Location
- Country: United States
- State: West Virginia
- County: Braxton

Physical characteristics
- • location: south of Flatwoods
- • coordinates: 38°41′44″N 80°39′15″W﻿ / ﻿38.6956554°N 80.6542611°W
- • elevation: 1,303 ft (397 m)
- Mouth: Little Kanawha River
- • location: Burnsville
- • coordinates: 38°51′24″N 80°39′22″W﻿ / ﻿38.8567624°N 80.6562068°W
- • elevation: 741 ft (226 m)
- Length: 17.7 mi (28.5 km)
- Basin size: 49 sq mi (130 km^{2})

= Saltlick Creek (Little Kanawha River tributary) =

Saltlick Creek is a tributary of the Little Kanawha River, 17.7 mi long, located in central West Virginia in the United States.
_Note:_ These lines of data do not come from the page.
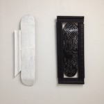 - “Diptych white and black / untitled,” 2012. (Assemblies) mixed media on skateboard white piece 42 x16 inch, black piece 40 x 18 inch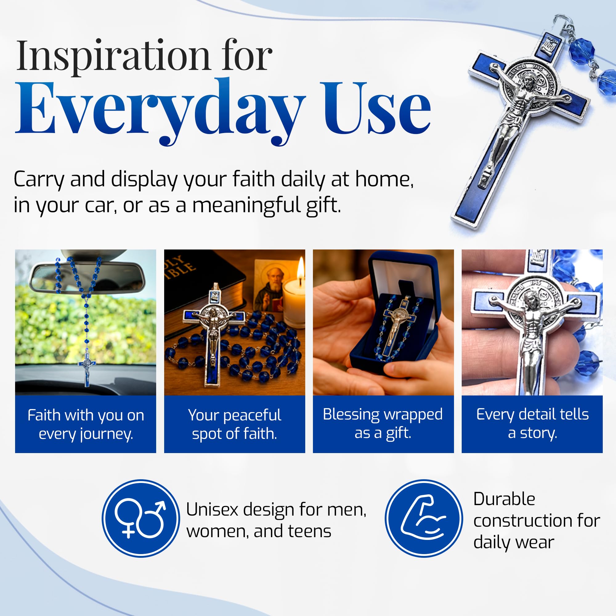 Versatile and durable for everyday use — smooth feel and sturdy crucifix for prayer, travel, and display; unisex rosary necklace for men, women, and teens; rosario unisex, collar con cruz, rosary beads for car rearview mirror, accesorios católicos, rosario para viaje
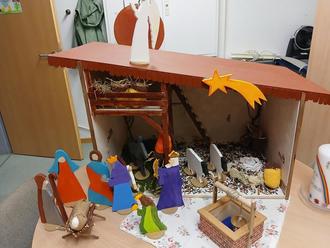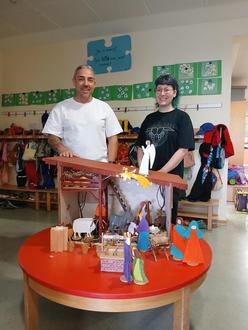 Die pädagogischen Mitarbeiter des Kurses IREA (Individuelle Reintegration ins Arbeitsleben für Menschen mit psychischen Erkrankungen) brachten eine selbstgebaute Krippe in die Kita und sorgten damit für Staunen und strahlende Kinderaugen.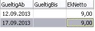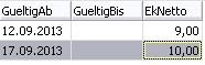 Beispiel (2): Einkaufspreise für begrenzten Gültigkeitszeitraum anzeigen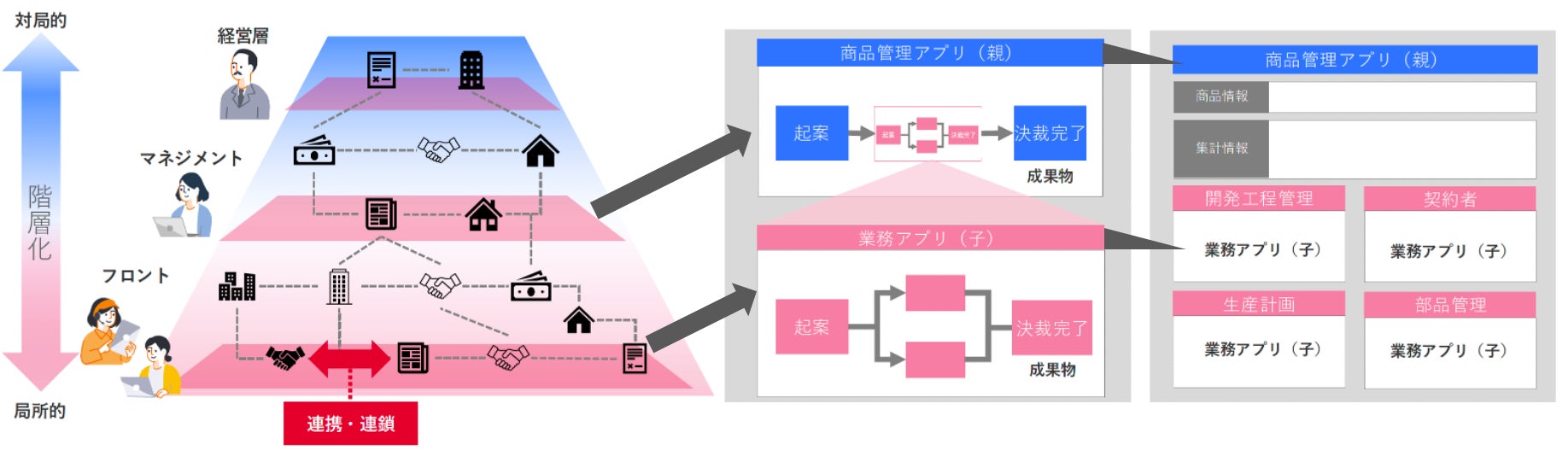 本機能は、大企業の複雑な業務構造を“業務のデジタルツイン”として完全ノーコードで実現するもので、組織の意思決定構造を強固に支え、大企業のデジタル変革を大きく前進させます。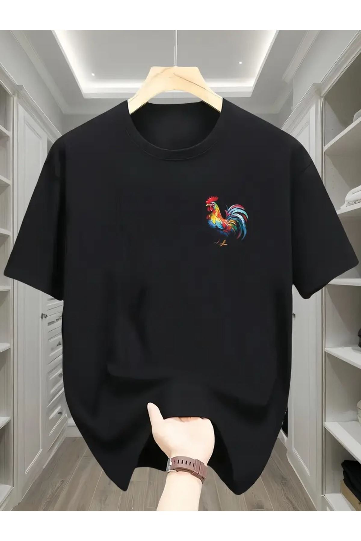 Horoz Baskılı Siyah Pamuklu T-Shirt - Oversize Bisiklet Yaka Kısa Kol Tişört

Via the Little Kanawha and Ohio rivers, it is part of the watershed of the Mississippi River, draining an area of 49 sqmi in a rural region on the unglaciated portion of the Allegheny Plateau.

Saltlick Creek flows for its entire length in Braxton County. It rises approximately 2 mi south of Flatwoods and flows generally northward, through the communities of Corley, Rollyson, and Gem to its mouth at the Little Kanawha River in Burnsville. Downstream of Rollyson, the creek is paralleled by West Virginia Route 5.

According to the West Virginia Department of Environmental Protection, approximately 80% of the Saltlick Creek watershed is forested, mostly deciduous. Approximately 18% is used for pasture and agriculture.

According to the Geographic Names Information System, Saltlick Creek has historically been known by the variant names "Salt Lick," "Salt Lick Creek," "Salt Lick Fork," and "Saltlick Fork." The creek was named for a nearby mineral lick.